Jan'2024
Focus
The second paper is "Comparative Assessment of ResNet and VGG16 in Brain Tumor
Classification", by Agnibh Pathak, Abir Dey and Vijayalakshmi A. Brain tumor poses a
complex challenge to modern medical treatment. During the initial stages of tumor
growth, radiologists prioritize accurate and efficient analysis. Deep learning has
emerged as a valuable tool for timely and precise intervention in patients with tumors.
Notably, the deep residual network (ResNet), incorporating convolutional neural
networks (CNNs) and VGG16, has demonstrated significant success in detecting and
categorizing images. This advancement in deep learning holds the potential to aid
radiologists in diagnosing tumors noninvasively. By enhancing comprehension of MRI
images and improving training speed and accuracy, deep learning could revolutionize
medical research. The study focuses on employing transfer learning with pretrained
ResNet100 and VGG16 models, both built on CNN architecture, to investigate multiclass
brain tumor classification.
The last paper is "Smart Tourism in India: Leveraging Technology for Enhanced
Visitor Experience", by Naveen Kumar R, Pavithra R, Yuvaraj V and T Muthu Kumar. India
acknowledges the transformative power of technology in its diverse and captivating
tourism landscape. Embracing the concept of smart tourism, the country is leveraging
advanced technologies like the Internet of things (IoT), artificial intelligence (AI), big
data analytics, mobile apps and augmented reality (AR) to offer seamless and
personalized experiences to tourists. IoT devices like beacons and wearables provide
real-time information, while AI-driven chabot enhances customer support. Big data
analytics optimizes tourist flows, and mobile apps serve as digital companions for
booking and updates. AR brings India's cultural heritage to life, further engaging visitors.
Despite challenges like cyber security and preserving authenticity, smart tourism holds
enormous potential to propel India's tourism industry to greater heights. Collaboration among stakeholders is vital to unlock the full benefits of technology-driven tourism. The
authors have conducted an empirical investigation into the importance of using
information and communications technology (ICTs) during the tourism experience,
evaluating their accessibility and impact on tourist decisions. They analyze the
influence of Internet-based applications and information on the tourism experience and
overall satisfaction levels. The study, based on a dataset of 285 tourists in a selected city,
establishes significant associations between opinions on AI, AR, technology in
ecofriendly initiatives and sustainability in smart tourism.
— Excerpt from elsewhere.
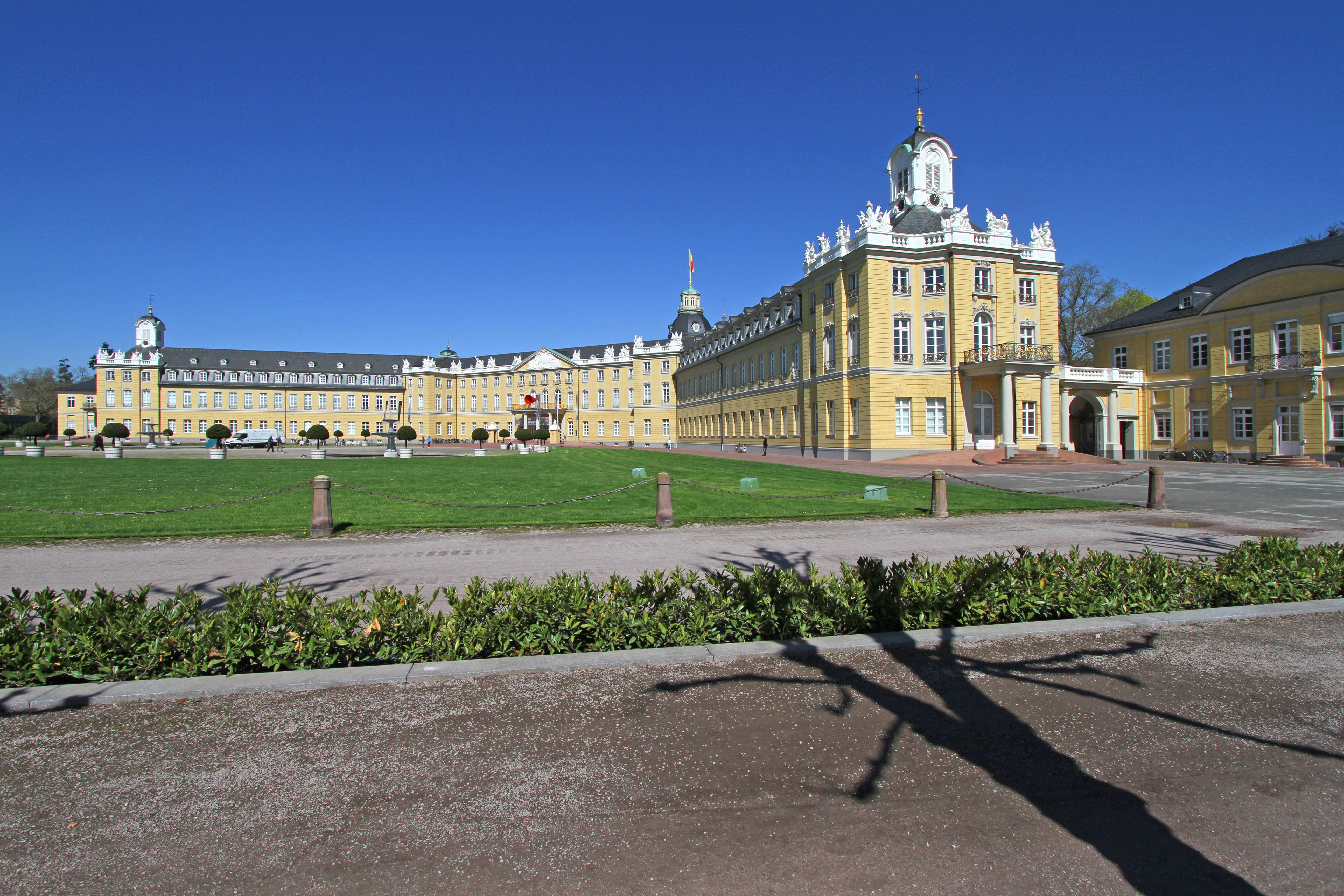 Karlsruhe Palace

Nature-Inspired Harmony Search Algorithm: Latest Developments and Variants
Metaheuristic optimization algorithms involve various mathematical techniques inspired from nature and various day-to-day activities. These techniques provide the best solution at minimum cost and error along with maximum profit and utility. They can solve many tough optimization problems where conventional computing techniques do not work. Harmony search algorithm (HSA) is one such relatively recent technique. It is derived from the theory to obtain perfect harmony in music. It can handle diversification and intensification, which makes it a highly efficient metaheuristic algorithm. The paper reviews the latest developments and variants of the algorithm in HSA. It provides insights into the algorithm's applications to help the readers understand it and apply the knowledge obtained in further work.
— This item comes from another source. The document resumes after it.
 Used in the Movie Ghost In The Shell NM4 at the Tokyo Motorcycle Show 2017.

Comparative Assessment of ResNet and VGG16 in Brain Tumor Classification
Brain tumor presents a complex challenge in modern medical treatment. During the initial stages of tumor growth, radiologists prioritize accurate and efficient analysis for which deep learning has emerged as a valuable tool. In particular, the deep residual network (ResNet), incorporating convolutional neural networks (CNNs) and VGG16, has demonstrated significant success in detecting and categorizing images of tumors. This advancement in deep learning holds the potential to aid radiologists in diagnosing tumors noninvasively. By enhancing comprehension of MRI images and improving training speed and accuracy, deep learning could revolutionize medical research. This study focuses on employing transfer learning with pretrained ResNet100 and VGG16 models to investigate multiclass brain tumor classification. The achieved accuracy rates are noteworthy: 78.32% for VGG16 and 80.10% for ResNet on brain tumor dataset.
Smart Tourism in India: Leveraging Technology for Enhanced Visitor Experience
India is embracing 'smart tourism' by leveraging technologies like Internet of Things (IoT), artificial intelligence (AI), big data analytics, mobile apps and augmented reality (AR) to provide personalized experiences for visitors. This technology revolution is transforming India's tourism industry, but challenges such as cyber security and cultural authenticity remain. An empirical study reveals significant connections between positive perceptions of AI, AR and technology's role in ecofriendly initiatives and sustainability within smart tourism. This study looks at future where technology seamlessly blends with India's unique tourism offerings, creating unforgettable experiences, while ensuring responsible and sustainable development. The analysis reveals significant correlations between respondents' opinions regarding various aspects of smart tourism such as AI integration, AR usage, technology in ecofriendly initiatives and sustainability. These technologies improve crowd management, resource optimization and visitor experience, transforming tourism perception and engagement.